Beberapa waktu berlalu kita mulai saling berusaha mengenal satu sama lain, mulai menunjukkan bahwa ada satu rasa di diri kita masing-masing yang menginginkan kita selalu bahagia bersama, sampai kapanpun. Kita sudah berani menamai perasaan kita dengan "cinta", dan kita saling berusaha membahagiakan. Di sajak pertama kisah cinta kita semua terasa membahagiakan dan menyenangkan, hingga sebuah angin kencang, percikan api, banjir mulai menghantui kebahagiaan kita. Tapi kamu selalu berusaha menenangkan aku yang mudah putus asa akibat semua gangguan, dan sialnya kamu selalu berhasil membuatku tenang.

Berpuluh-puluh jutaan detik sudah kita habiskan bersama, walau tak sepenuhnya berisi kesenangan. Tetapi dari sana kita saling belajar, inilah cinta sebenarnya yang tak selamanya indah. Aku belajar dengan kekanak-kanakanku dan egoku, serta kamu yang belajar dengan caramu sendiri yang sampai sekarang aku tak pernah tau seperti apa. Kita masih tersenyum saat itu, masih saling berusaha lebih dalam memahami isi hati masing-masing,dan juga masih melempar kemesraan satu sama lain yang tanpa kita sadari sebenarnya kita hanya berusaha saling menutupi kemungkinan yang akan terjadi dengan kisah cinta kita. Ya, waktu itu di dalam hati kita masing-masing sebenarnya sudah terlihat jelas tentang ujung dari romansa ini, kita saja yang berusaha menekan terlalu kencang agar semua kemungkinan itu hanya sebuah ilusi dan keinginan mempertahankan yang masih terlalu besar di benak kita. Sebenarnya kita sudah melakukan hal egois bersama-sama bukan?

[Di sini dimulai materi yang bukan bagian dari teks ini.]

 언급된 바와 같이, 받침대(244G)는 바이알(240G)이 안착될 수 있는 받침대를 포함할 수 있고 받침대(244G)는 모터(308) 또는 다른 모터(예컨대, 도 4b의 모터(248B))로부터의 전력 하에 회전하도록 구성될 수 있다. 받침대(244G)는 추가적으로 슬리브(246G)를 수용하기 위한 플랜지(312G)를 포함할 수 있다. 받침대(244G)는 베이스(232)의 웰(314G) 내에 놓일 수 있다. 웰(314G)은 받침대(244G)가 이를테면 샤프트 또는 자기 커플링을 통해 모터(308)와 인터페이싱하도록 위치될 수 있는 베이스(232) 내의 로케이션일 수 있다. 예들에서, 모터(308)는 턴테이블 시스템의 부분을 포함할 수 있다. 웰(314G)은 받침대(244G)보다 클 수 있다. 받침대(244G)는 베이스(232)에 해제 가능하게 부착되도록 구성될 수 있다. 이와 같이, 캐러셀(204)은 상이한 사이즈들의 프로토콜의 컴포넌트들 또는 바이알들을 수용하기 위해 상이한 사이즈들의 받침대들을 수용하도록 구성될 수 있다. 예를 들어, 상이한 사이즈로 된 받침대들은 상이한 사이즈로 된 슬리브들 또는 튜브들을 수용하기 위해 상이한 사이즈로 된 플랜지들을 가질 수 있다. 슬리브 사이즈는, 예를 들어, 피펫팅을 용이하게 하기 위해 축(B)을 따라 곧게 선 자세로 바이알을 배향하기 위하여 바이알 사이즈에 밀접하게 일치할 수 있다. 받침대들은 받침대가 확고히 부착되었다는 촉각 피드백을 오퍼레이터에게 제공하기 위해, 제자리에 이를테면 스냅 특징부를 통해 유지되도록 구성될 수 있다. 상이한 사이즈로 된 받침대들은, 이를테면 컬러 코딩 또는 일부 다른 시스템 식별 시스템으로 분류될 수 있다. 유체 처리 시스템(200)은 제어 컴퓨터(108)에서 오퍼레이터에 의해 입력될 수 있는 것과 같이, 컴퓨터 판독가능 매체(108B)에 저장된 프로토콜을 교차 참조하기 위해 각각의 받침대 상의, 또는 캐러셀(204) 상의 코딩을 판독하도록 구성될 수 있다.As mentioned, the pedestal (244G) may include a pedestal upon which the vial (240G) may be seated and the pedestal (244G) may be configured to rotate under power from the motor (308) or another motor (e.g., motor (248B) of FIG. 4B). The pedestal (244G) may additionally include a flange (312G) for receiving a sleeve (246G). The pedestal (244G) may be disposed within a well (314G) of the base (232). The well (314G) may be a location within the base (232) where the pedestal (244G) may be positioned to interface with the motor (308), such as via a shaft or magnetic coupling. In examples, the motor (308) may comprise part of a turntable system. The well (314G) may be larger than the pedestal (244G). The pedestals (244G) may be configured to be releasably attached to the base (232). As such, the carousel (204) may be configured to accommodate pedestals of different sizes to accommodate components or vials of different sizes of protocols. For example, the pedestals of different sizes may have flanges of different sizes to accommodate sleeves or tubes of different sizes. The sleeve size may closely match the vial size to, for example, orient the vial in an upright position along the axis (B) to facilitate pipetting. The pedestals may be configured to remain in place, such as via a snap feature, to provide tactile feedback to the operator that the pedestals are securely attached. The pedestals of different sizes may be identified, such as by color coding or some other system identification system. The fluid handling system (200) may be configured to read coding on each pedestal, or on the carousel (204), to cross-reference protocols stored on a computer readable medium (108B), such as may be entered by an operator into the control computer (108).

Waktu berlalu, masih dengan senyum dan kehangatan kita yang tanpa kita sadari itu hanya ruang kosong yang hanya diisi oleh omong kosong belaka. Sebenarnya kita terlalu sibuk dengan dunia kita masing-masing. Aku dengan keegoisanku, dan kamu dengan waktu berhargamu. Tanpa disadari kita tinggal berdua di dalam rumah yang selama ini kita namai "cinta" tapi kita sendiri jarang berada di dalamnya. Rupanya selama ini kita salah langkah, kita hanya sibuk saling mencintai tanpa belajar bertahan di satu hati yang sudah tak punya cinta lagi. Dan seiring berjalannya waktu cinta kita dikalahkan oleh ego masing-masing. Ya, cinta kita kalah telak.

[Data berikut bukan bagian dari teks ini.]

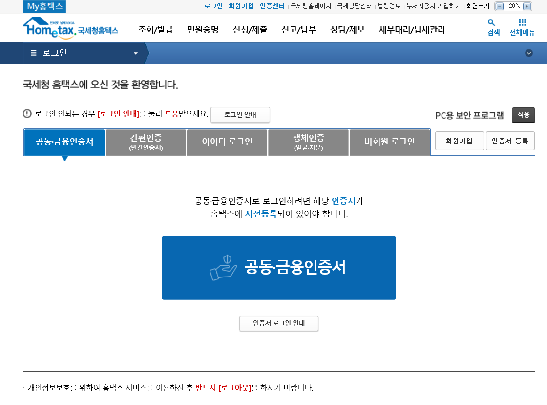 둘째, 공동˙금융인증서로 로그인을 합니다.

Beberapa malam membuat satu pertanyaan yang tak akan pernah terjawab selalu menghantuiku atau mungkin kamu juga, entahlah. Sebuah pertanyaan kecil yang terlalu menusuk. Dulu, bukankah kita selalu mencari alasan agar dapat bersama lalu kenapa tidak gunakan bermacam alasan yang bisa saja kita cari agar kita tetap bersama?

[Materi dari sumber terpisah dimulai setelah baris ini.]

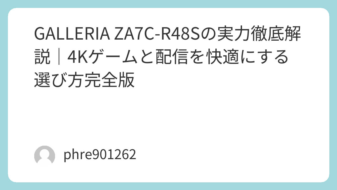 GALLERIA ZA7C-R48Sを検索する人の多くは、「RTX 4080 SUPERクラスの実力はどこまで伸びるのか」「買ったあとに後悔しない周辺機器は何か」を短時間で把握したいはずです。結論から言えば、ZA7C-R48Sは4Kでも画質を攻めやすい土台があり、環境さえ整えれば長く主力になり得ます。

Tahun berganti, tapi aku masih saja merasa berada di hati yang dulu kita singgahi berdua, bedanya kini hanya ada aku tanpa kamu bahkan kita. Kamu menghilang entah kemana, mungkin kamu sudah punya hati baru untuk singgah, entahlah. Beberapa tahun aku hanya diam di dalamnya dengan segala macam kegelisahan, kepedihan dan mungkin sesal. Bagaimana bisa kita yang dahulu sebegitu hangatnya bisa terasa sedingin ini sekarang. 

Bosanku menumpuk, selama ini hanya sepi yang ada di sini di hati ini. Sesekali aku mencoba keluar dari sana menyentuh udara yang menyegarkan, hingga aku mulai merasa tenang. Aku mulai nyaman berada di luar sini, tanpa ada perasaan terkurung sendirian. Aku bahagia berada di luar sini, banyak pohon dan pemandangan indah yang bisa aku nikmati. Sesekali ada beberapa sosok baru yang bergantian menawarkan hatinya untuk disinggahi berdua. Tapi rasanya aku belum memerlukan itu semua, yang ingin aku capai sekarang hanyalah kebahagiaan yang akan datang. Masa depan.

Seorang sahabat pernah menawariku untuk kembali ke hati kita dahulu, tapi aku enggan. Karena aku tahu walaupun sekarang hati itu diisi oleh kita berdua kembali, di dalamnya tak akan pernah sama seperti waktu kita pertama kali menempatinya. Waktu sudah merubah segalanya, bahkan perasaan kita, dan aku sudah cukup sakit merasakan kehilangan kamu sekali seumur hidupku. Sekali, dan tak sanggup untuk yang kedua kali.